- Also known as: Bjarne Liller
- Born: Bjarne Bent Rønne Pedersen 25 September 1935, Vesterbro, Copenhagen, Denmark
- Died: 6 September 1993 (aged 57)
- Genres: Dixieland, jazz, pop music
- Occupation: Singer
- Instrument: Banjo
- Formerly of: Viking Jazz Band

= Bjarne Liller =

Danish musician and singer-songwriter (1935–1993)

Bjarne Bent Rønne Pedersen, known as Bjarne Liller (25 September 1935 – 6 September 1993), was a Danish jazz musician and singer-songwriter.

==Biography==
Liller was born on Vesterbro, Copenhagen.
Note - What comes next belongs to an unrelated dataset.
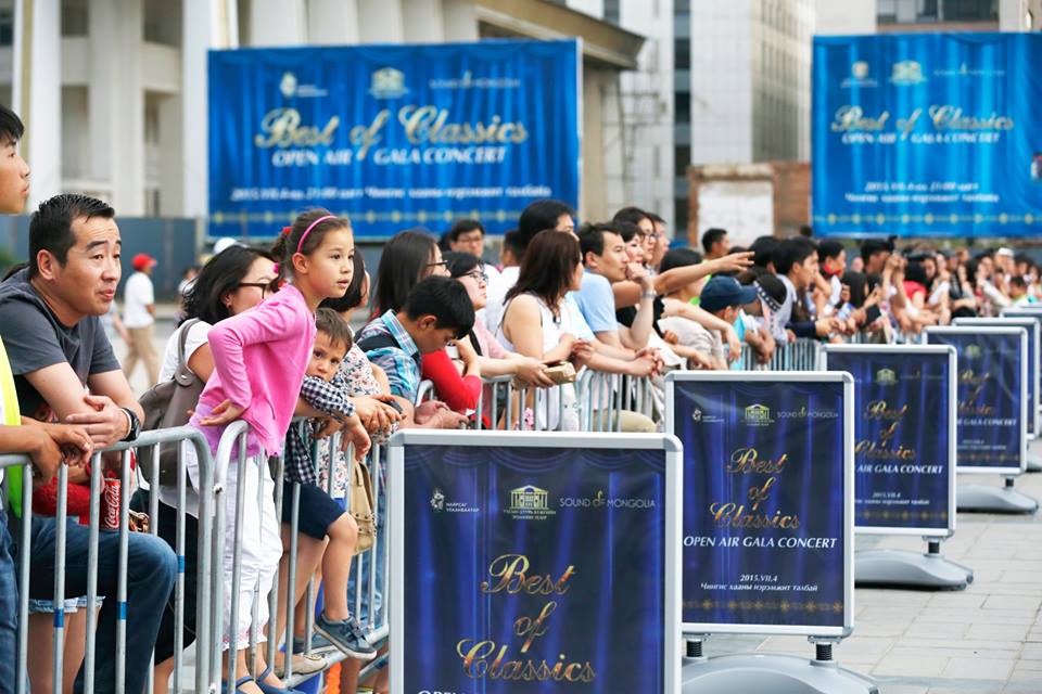 11720072_1172617369430937_1124850184_nДБЭТ-ын уран бүтээлчид өнгөрсөн бямба гаригийн үдэш Чингисийн талбайд цуглаж, “Best of Classic-Open air” тоглолтоороо үзэгчиддээ бэлэг барив. Тус тоглолт өнгөрсөн оны долдугаар сарын 6-нд анх удаа дээрх талбайд зохион байгуулагдсан билээ. Санаачлагыг “Саунд оф Монголиа” компанийн захирал Х.Дамдинсүрэн гаргаж, Нийслэлийн засаг даргын тамгын газар, Нийслэлийн соёл урлагийн газрын дэмжлэгтэйгээр нэр төртэй өндөрлүүлсэн юм.
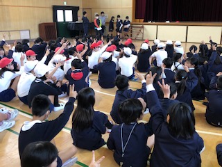先生が声色を変えて録音した台詞を、3年生と6年生の子ども達が当てます。全問正解が一人もいないほどの難問に、講堂は沸いていました。

He got his breakthrough as a banjo player and singer in Papa Bue's Viking Jazz Band.

He played with the Viking Jazz Band from 1956–70, and again from 1976-79, and made around 30 records with the band. He was also a successful solo artist, mainly in the pop music genre. He worked with John Mogensen, and got a gold record for selling 100,000 copies of his solo pop hit "Billet mrk./Ensom dame 40 år".

He finished second at the 1979 Dansk Melodi Grand Prix, singing the duet "Alt er skønt" with Grethe Ingmann. Liller received a silver record for 25,000 copies sold of each of his two albums "Man kan ikke gøre for, at man har charme" (1975) and "Livet er skønt" (1976).

He appeared in three Danish films; as a singer in "Thorvald og Linda" (1982), and in minor roles in Erik Clausen's films "Den store badedag" (1991) and "De frigjorte" (1993).

Liller credited Kim Larsen and Erik Clausen for re-igniting his passion for music during the last years of his life. He was active until his death in September 1993.

A sold-out benefit concert was held by his former jazz colleagues at the Tivoli Gardens later that month.